[Task details]: A faithful copy is needed of the lines below from the one with "这款在DMM登录的页游《Ch" up to and including the one with "交流中断至今未恢复。 想知道南京市民们的心声,望头条 平台传达和大家的真诚建议。"; set it down with no pictures and no other lines.

[Input data]:
· · · ·

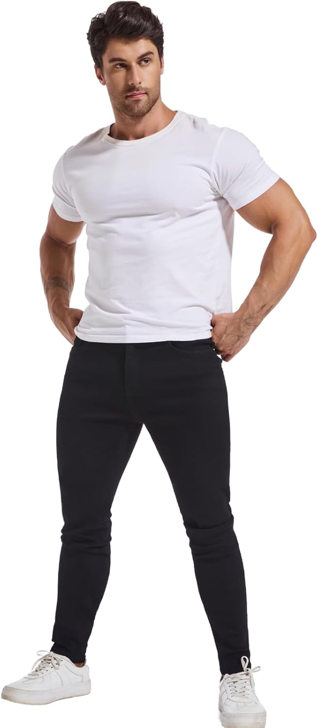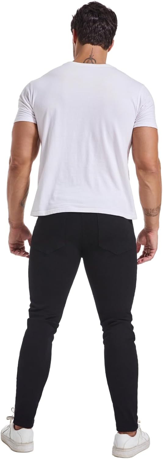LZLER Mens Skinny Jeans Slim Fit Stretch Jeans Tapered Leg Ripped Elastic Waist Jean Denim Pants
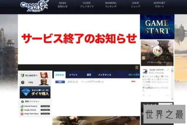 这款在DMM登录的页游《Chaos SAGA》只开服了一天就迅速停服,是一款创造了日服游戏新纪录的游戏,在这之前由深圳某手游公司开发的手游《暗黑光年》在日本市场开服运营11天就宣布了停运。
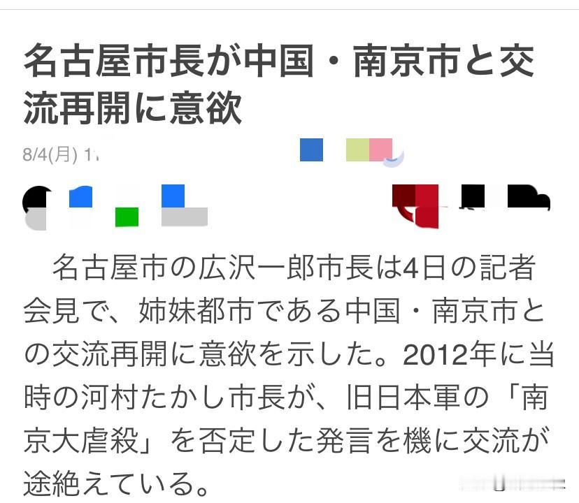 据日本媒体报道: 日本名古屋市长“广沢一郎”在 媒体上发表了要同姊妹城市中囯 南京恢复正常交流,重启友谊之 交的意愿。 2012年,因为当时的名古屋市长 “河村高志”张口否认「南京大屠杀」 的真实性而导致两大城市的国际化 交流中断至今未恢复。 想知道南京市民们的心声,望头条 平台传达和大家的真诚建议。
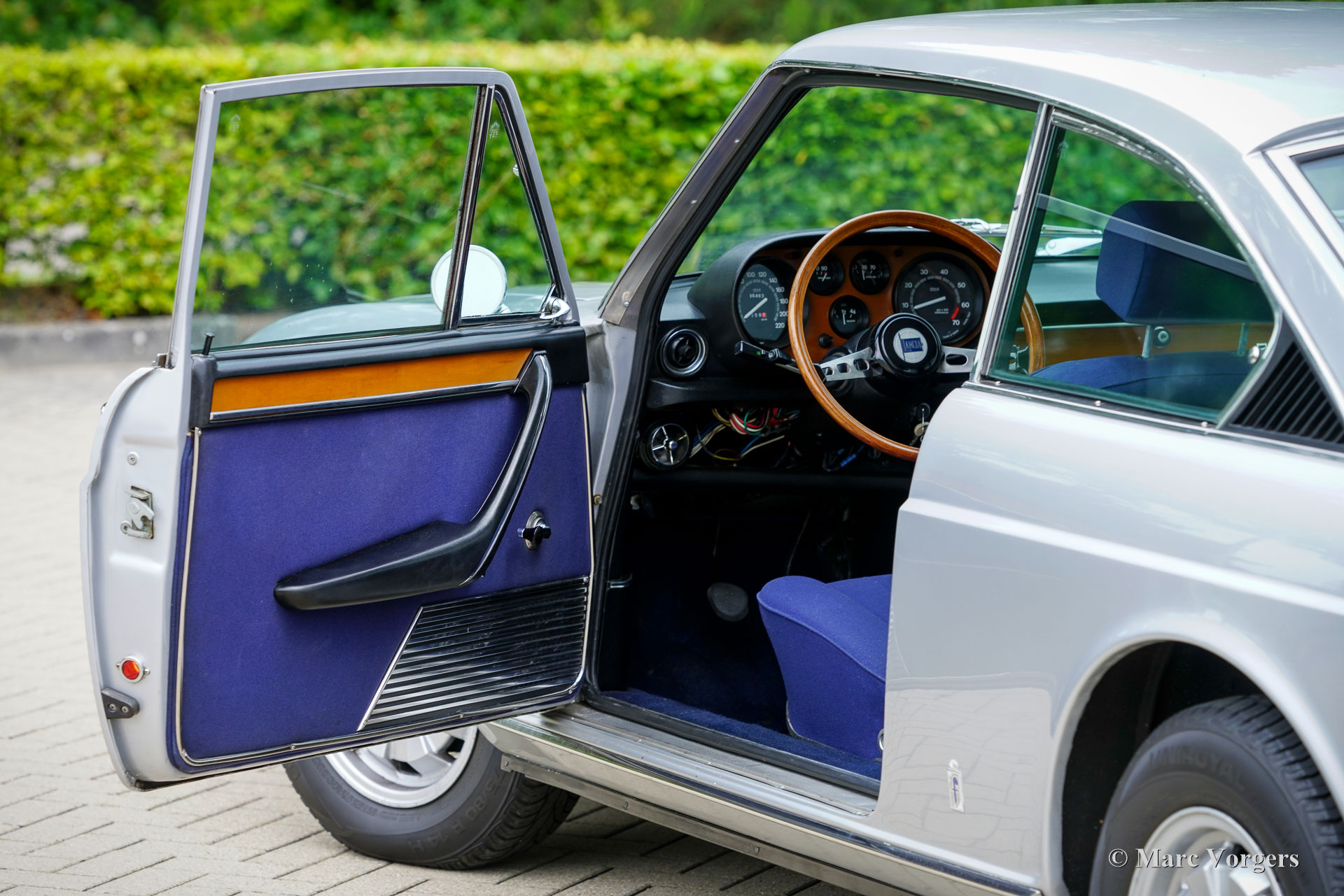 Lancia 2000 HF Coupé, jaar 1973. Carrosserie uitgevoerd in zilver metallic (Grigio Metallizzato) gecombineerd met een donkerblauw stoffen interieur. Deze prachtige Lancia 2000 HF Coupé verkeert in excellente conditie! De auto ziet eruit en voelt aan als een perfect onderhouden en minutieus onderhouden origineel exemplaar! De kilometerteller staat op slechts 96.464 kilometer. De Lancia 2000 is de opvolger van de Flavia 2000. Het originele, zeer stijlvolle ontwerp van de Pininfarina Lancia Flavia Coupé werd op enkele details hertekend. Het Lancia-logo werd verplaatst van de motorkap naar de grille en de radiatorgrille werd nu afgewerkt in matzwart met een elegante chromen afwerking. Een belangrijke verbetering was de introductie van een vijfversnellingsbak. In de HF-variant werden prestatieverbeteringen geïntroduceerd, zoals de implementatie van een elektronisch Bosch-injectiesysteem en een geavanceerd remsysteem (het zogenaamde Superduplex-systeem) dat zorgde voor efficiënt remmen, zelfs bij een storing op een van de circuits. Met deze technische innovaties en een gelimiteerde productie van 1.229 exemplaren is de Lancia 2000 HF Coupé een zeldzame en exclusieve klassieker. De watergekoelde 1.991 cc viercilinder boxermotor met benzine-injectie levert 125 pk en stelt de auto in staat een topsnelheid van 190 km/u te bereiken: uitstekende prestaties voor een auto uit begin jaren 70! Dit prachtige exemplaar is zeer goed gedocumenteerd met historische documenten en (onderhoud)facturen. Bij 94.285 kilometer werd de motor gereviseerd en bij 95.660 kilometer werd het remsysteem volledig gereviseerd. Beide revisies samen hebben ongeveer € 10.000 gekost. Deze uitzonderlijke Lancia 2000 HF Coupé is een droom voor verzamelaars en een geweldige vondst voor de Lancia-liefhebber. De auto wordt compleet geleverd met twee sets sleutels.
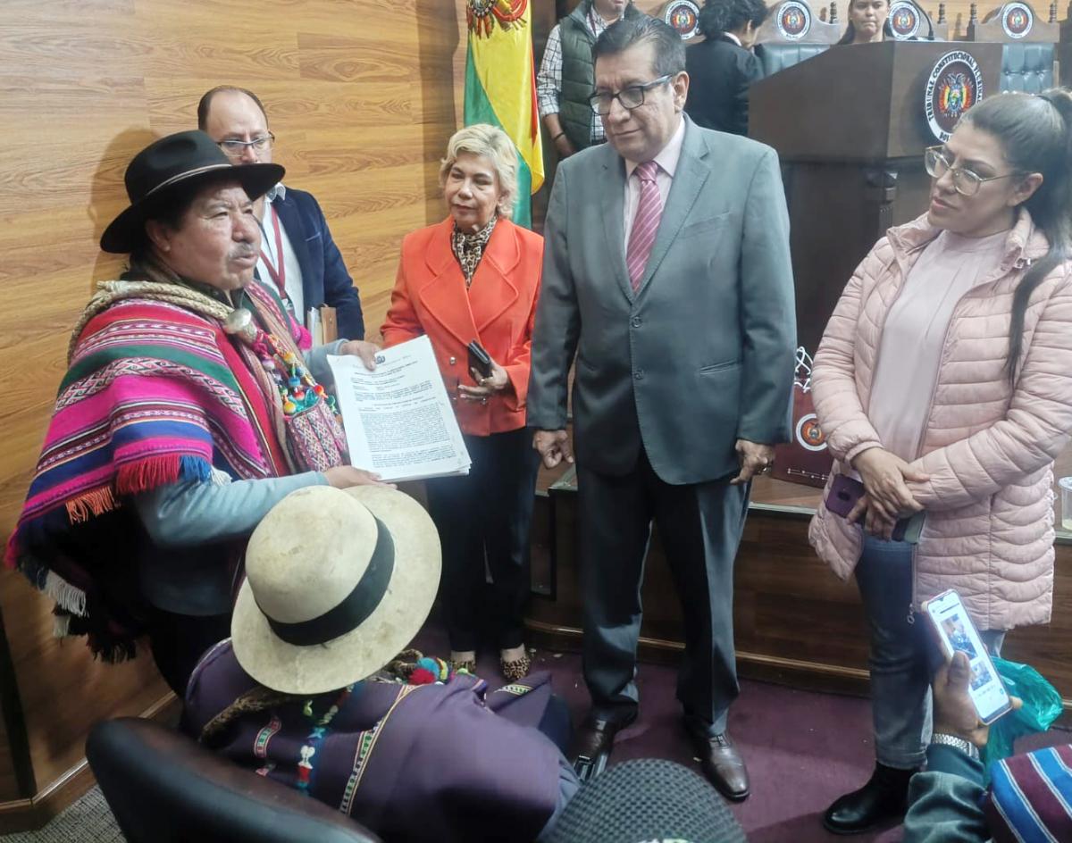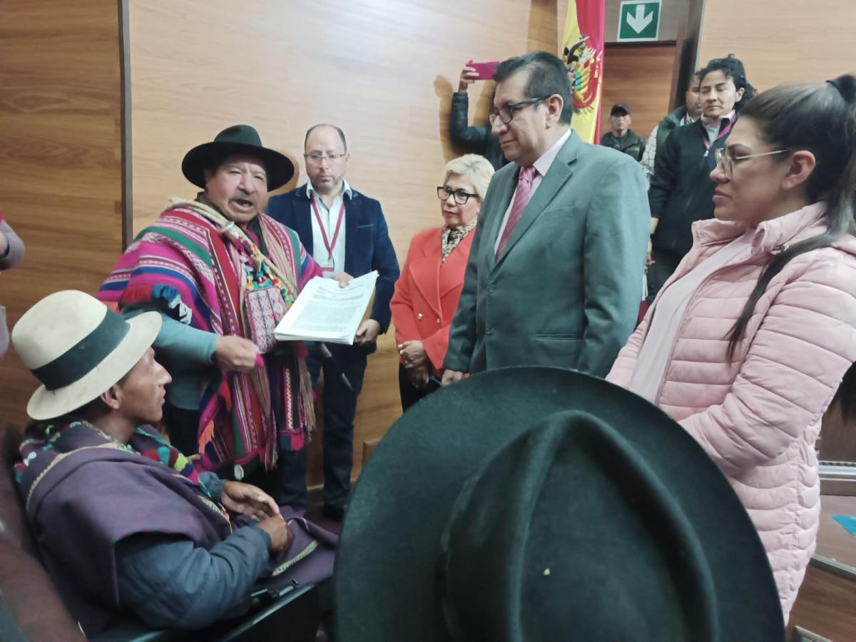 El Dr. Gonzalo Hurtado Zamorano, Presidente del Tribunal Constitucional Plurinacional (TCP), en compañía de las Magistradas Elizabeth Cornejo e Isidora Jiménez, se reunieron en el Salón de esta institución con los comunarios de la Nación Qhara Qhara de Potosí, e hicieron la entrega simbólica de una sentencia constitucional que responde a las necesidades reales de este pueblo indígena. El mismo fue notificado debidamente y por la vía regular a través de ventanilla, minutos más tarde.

· · · ·

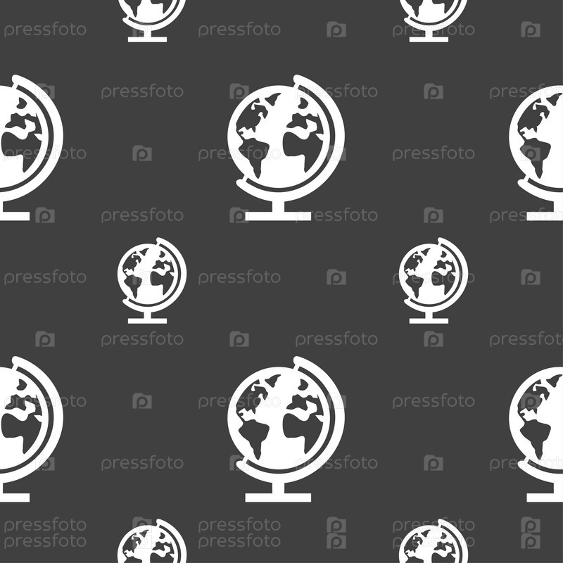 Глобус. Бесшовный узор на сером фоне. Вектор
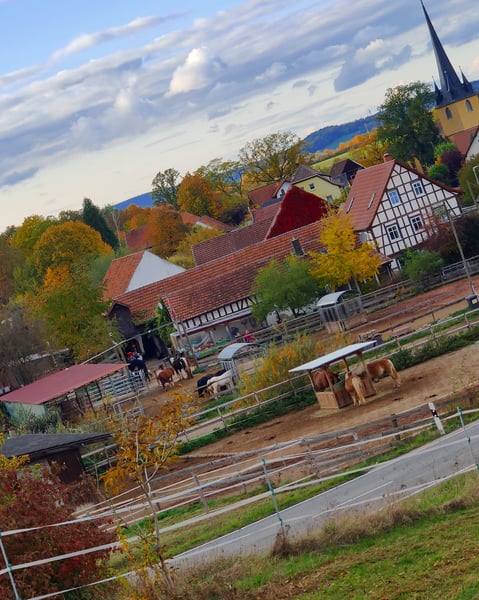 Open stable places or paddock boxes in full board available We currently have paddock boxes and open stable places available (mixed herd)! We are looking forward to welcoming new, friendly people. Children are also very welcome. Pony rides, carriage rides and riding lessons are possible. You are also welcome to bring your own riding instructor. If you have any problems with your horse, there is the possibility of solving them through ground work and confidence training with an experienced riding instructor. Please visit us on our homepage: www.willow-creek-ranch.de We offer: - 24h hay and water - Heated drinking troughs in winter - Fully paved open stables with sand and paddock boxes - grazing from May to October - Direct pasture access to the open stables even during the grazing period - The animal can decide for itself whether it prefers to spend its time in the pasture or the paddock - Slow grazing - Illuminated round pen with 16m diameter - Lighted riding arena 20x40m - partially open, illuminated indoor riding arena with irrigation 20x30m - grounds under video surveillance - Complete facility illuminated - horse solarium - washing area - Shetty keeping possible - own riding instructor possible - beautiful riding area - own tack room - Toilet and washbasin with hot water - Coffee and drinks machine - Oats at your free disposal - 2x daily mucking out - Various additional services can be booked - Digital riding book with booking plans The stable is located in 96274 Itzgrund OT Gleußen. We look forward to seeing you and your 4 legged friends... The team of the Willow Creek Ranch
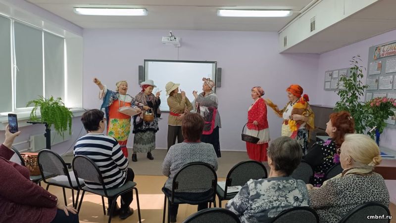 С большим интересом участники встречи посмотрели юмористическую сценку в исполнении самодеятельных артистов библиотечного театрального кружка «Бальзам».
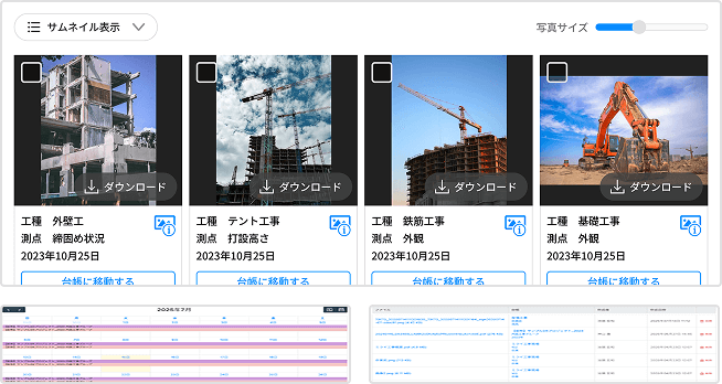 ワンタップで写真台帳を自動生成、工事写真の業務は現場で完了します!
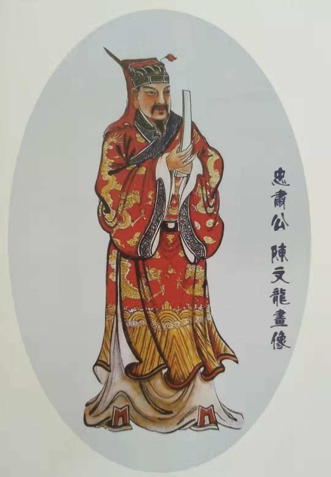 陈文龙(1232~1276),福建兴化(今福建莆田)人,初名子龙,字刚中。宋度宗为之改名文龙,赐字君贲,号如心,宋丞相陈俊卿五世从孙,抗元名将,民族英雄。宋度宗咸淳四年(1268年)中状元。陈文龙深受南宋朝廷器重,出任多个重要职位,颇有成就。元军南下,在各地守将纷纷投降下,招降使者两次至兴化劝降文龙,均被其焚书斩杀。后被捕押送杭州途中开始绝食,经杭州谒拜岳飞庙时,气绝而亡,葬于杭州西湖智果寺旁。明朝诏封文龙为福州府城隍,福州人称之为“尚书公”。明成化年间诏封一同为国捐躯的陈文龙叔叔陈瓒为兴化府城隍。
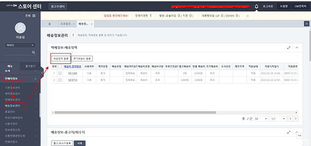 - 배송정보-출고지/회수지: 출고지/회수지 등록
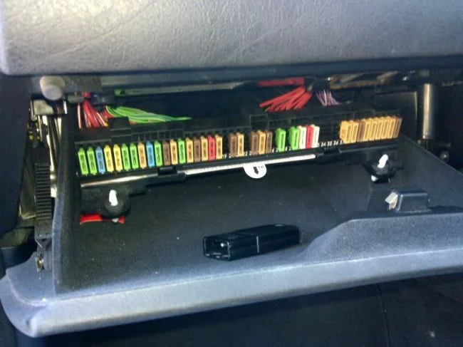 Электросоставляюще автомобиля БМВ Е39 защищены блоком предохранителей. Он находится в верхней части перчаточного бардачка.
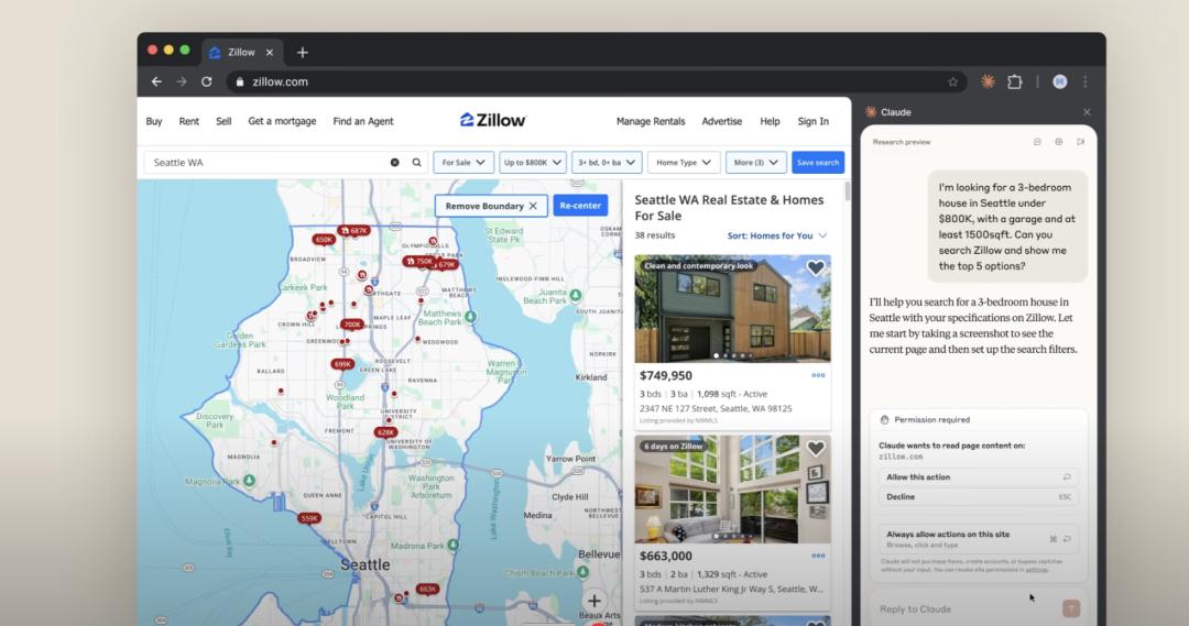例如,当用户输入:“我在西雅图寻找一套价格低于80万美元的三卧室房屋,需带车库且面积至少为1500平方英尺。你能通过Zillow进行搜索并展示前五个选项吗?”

· · · ·

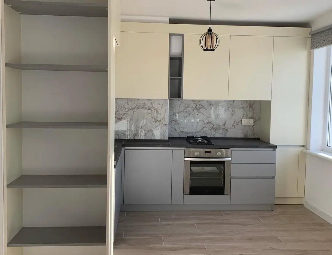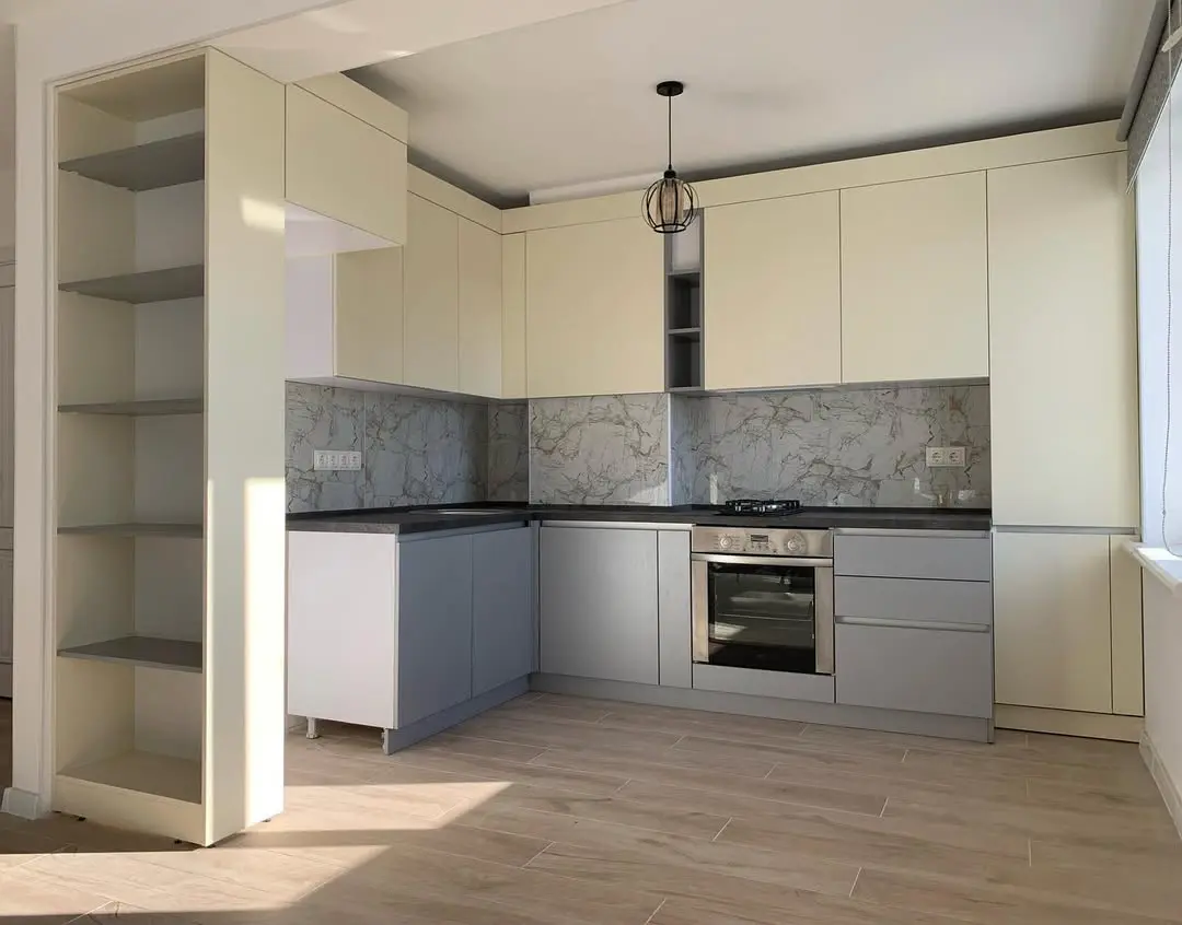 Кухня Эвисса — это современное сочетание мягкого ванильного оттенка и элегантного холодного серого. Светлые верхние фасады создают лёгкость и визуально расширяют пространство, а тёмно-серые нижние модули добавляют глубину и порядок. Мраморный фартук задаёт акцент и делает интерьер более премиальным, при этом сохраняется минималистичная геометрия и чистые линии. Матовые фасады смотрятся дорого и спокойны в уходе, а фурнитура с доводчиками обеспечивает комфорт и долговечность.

· · · ·

[Written answer]:
 这款在DMM登录的页游《Chaos SAGA》只开服了一天就迅速停服,是一款创造了日服游戏新纪录的游戏,在这之前由深圳某手游公司开发的手游《暗黑光年》在日本市场开服运营11天就宣布了停运。
 据日本媒体报道: 日本名古屋市长“广沢一郎”在 媒体上发表了要同姊妹城市中囯 南京恢复正常交流,重启友谊之 交的意愿。 2012年,因为当时的名古屋市长 “河村高志”张口否认「南京大屠杀」 的真实性而导致两大城市的国际化 交流中断至今未恢复。 想知道南京市民们的心声,望头条 平台传达和大家的真诚建议。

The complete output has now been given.